Create a buyer persona for all the different types of customers you have and decide which one is your ideal buyer. This would usually be the decision maker of the business.

Figure out what to call your products and services

Once you have everything separated and sorted. You can start looking at what you call each product and/or service. It’s important that you don’t get stuck on naming something what you think it is called. You could end up pushing the name of a product or service that no one understands or is aware of.

You need to check what your customers call your products and services, and of course Google is the best indicator of that.

How do you figure out what Google calls it?

If you have an idea of what to call your products and services, search them in Google and see what comes up in the top 5 results. Are they exactly what you are selling? If not, then these words are likely inaccurate descriptions of your products and services for the sake of B2B tech SEO.

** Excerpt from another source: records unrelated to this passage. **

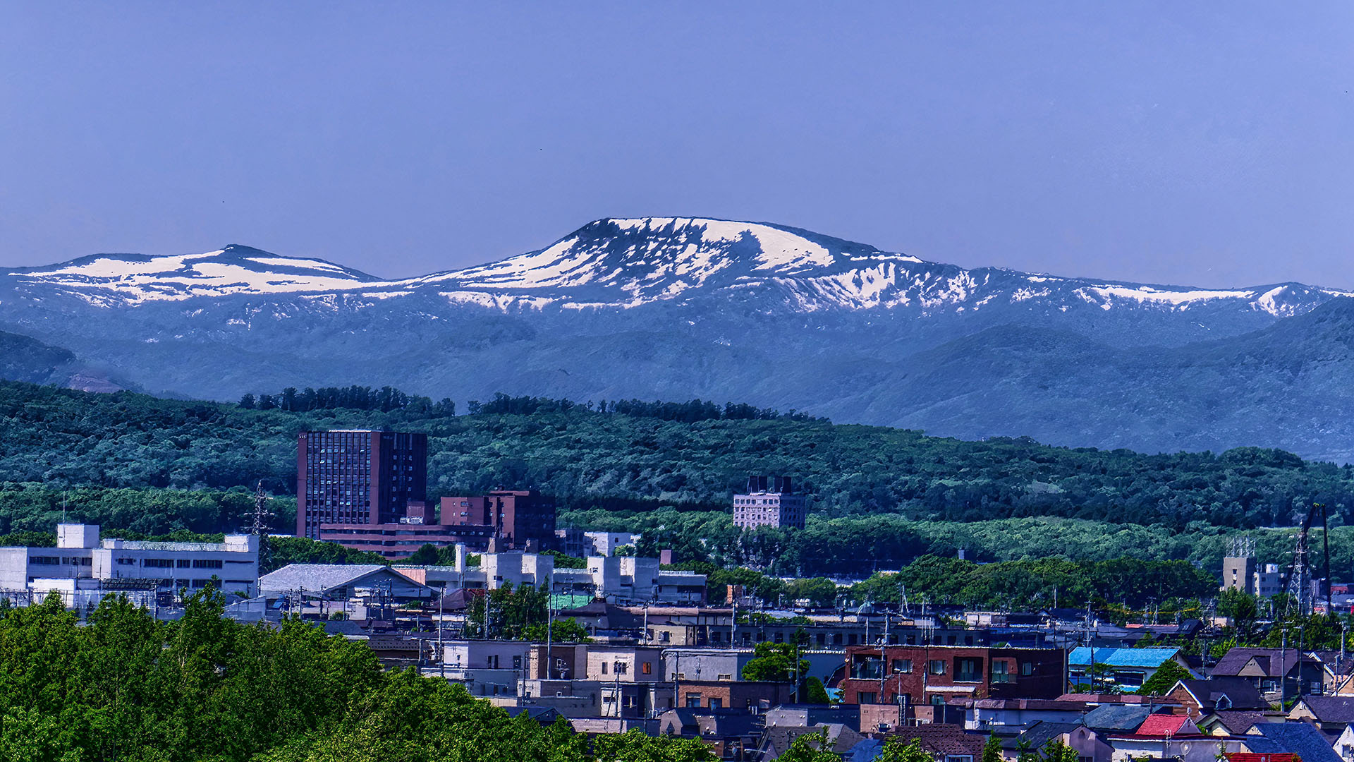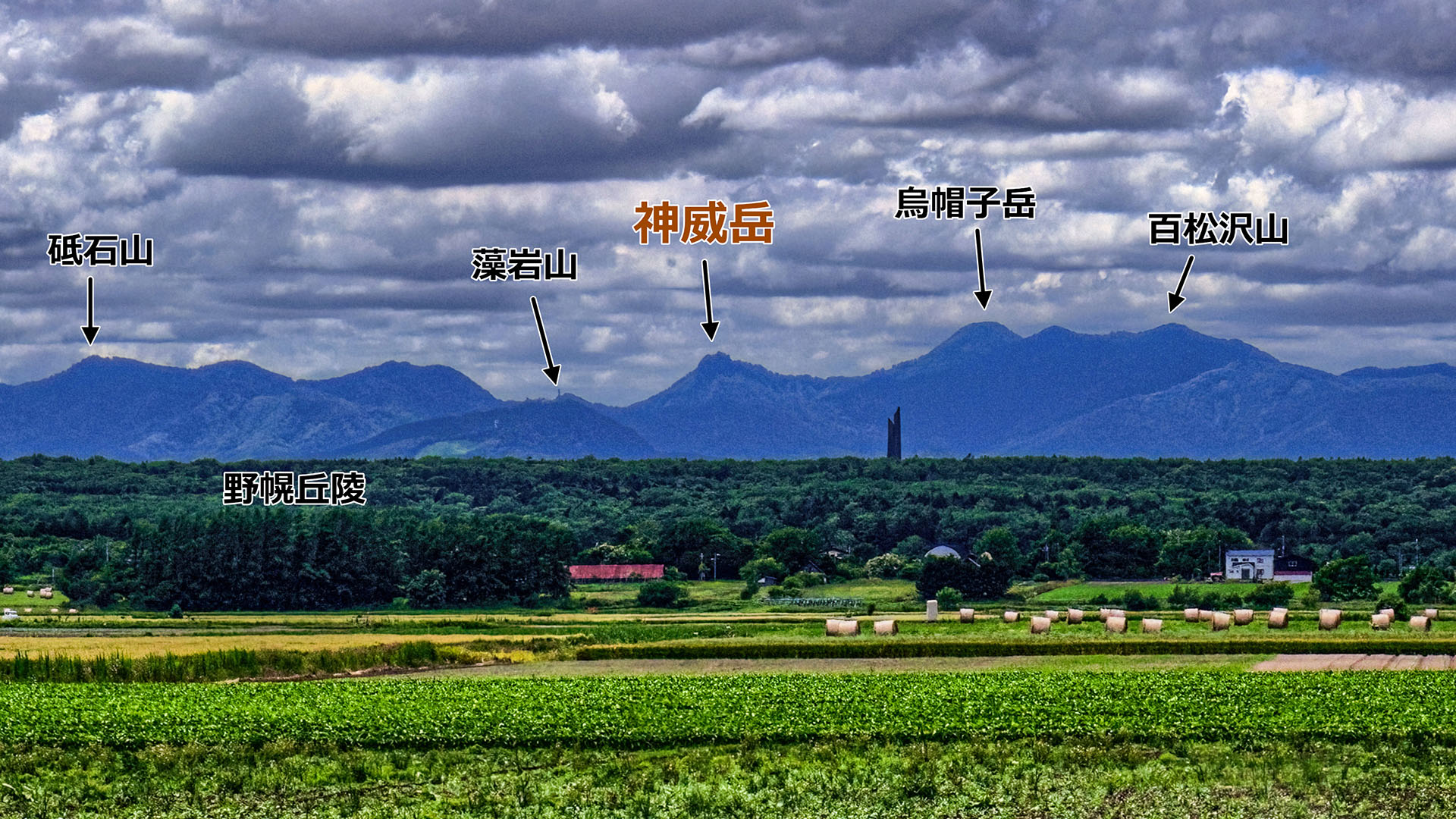 一番右の最高ピークが暑寒別岳で,撮影地点からの直線距離は約 82 km(!)です.その右の南暑寒別岳は残念ながら丘に隠れて見えませんでした.
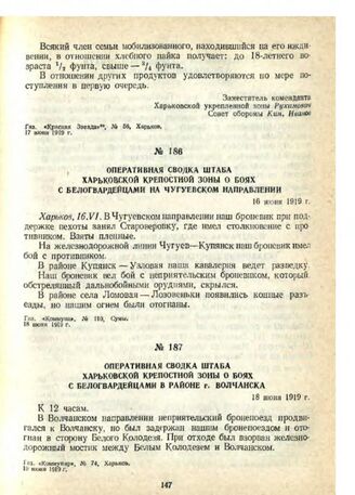 Оперативная сводка штаба Харьковской крепостной зоны о боях с белогвардейцами в районе г. Волчанска. 18 июня 1919 г.
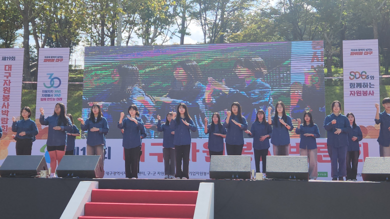 대구서부교육지원청(교육장 김규은)은 10월 25일 두류공원 2.28자유광장에서 열린 ‘대구자원봉사박람회’에 서구 지역 5개 중학교(경운중, 경일중, 중리중, 청라중, 평리중) 학생들로 구성된 초록봉사단 소속 ‘하모니수어합창단’ 41명이 참여했다.
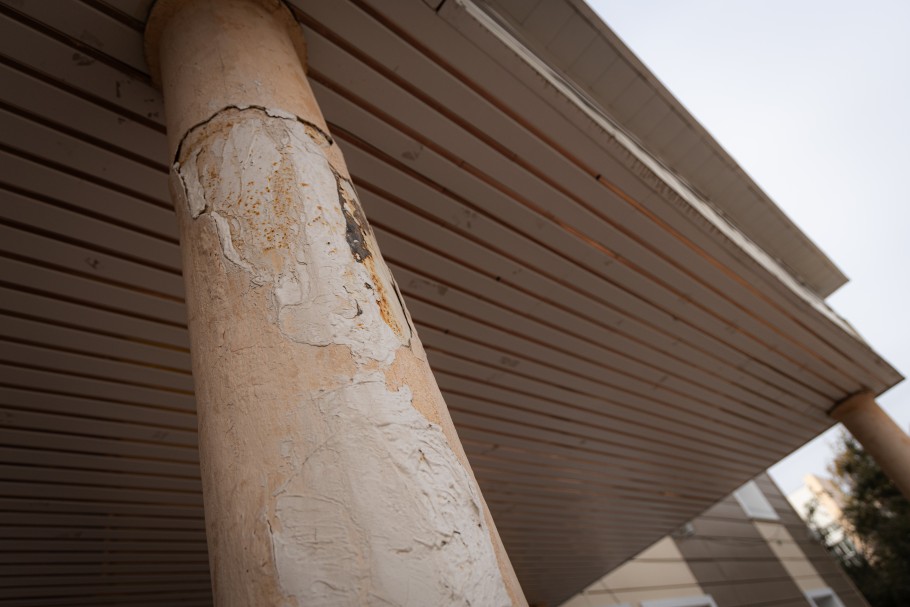 Журналисты «НК», побывавшие на объекте в рамках рейда, отметили ряд проблем: на фасаде начала отслаиваться краска, а металлические колонны на входе покрылись ржавчиной, что заметно портит внешний вид здания и создает ощущение запущенности.

Perform the same search on what your customers are calling it, and if the top 5 shows what you are selling, then you’re on the right track. What you’ve now got from a successful search on Google is the right short-tail keyword. This is usually 1 to 2 words used to describe your product or service.

Understand your customer journey

Once you have a buyer persona, you can put yourself in their shoes and walk a few miles in them until you understand the kind of experience they have before they decide to purchase your product or service.

We have whole post on how to build a buyer’s journey,

Find out what your customers are searching for on Google

By understanding you buyer’s journey well, you’ll know what your prospects are searching for each time they come in contact with a business like yours. Here’s where a marketing funnel will come in handy.

By building this out, you will have content that targets your prospect at different stages of the marketing funnel, TOFU, MOFU and BOFU.

Find long-tail options from your short-tail keywords with answerthepublic. By searching your short-tail keywords, this webtool will return questions, terms and alphabetical variations of your short-tail keywords. Depending on the popularity of the term, you may get up to 1000 different long-tail keywords. A lot of them could be useless, so you’ll need to get through them and figure out which ones are the most valuable to you.

Find out which keywords have good search volumes and less challenging difficulties using SEO audit tools like Moz or SEMrush. Using these tools will give you a better idea of which long-tail keywords are easier for you to rank for in Google.

Build a Content Plan

A content plan will contain all the top long tail keywords you’ve found from answerthepublic and Moz. You can write these blog posts in any particular order, but the plan needs to include regularity of publication. Publishing a blog once a week is best practice for keeping you relevant in Google’s eyes.

It’s important that you link your blogs to one another and link all sub-posts within a topic back to the main post (pillar post).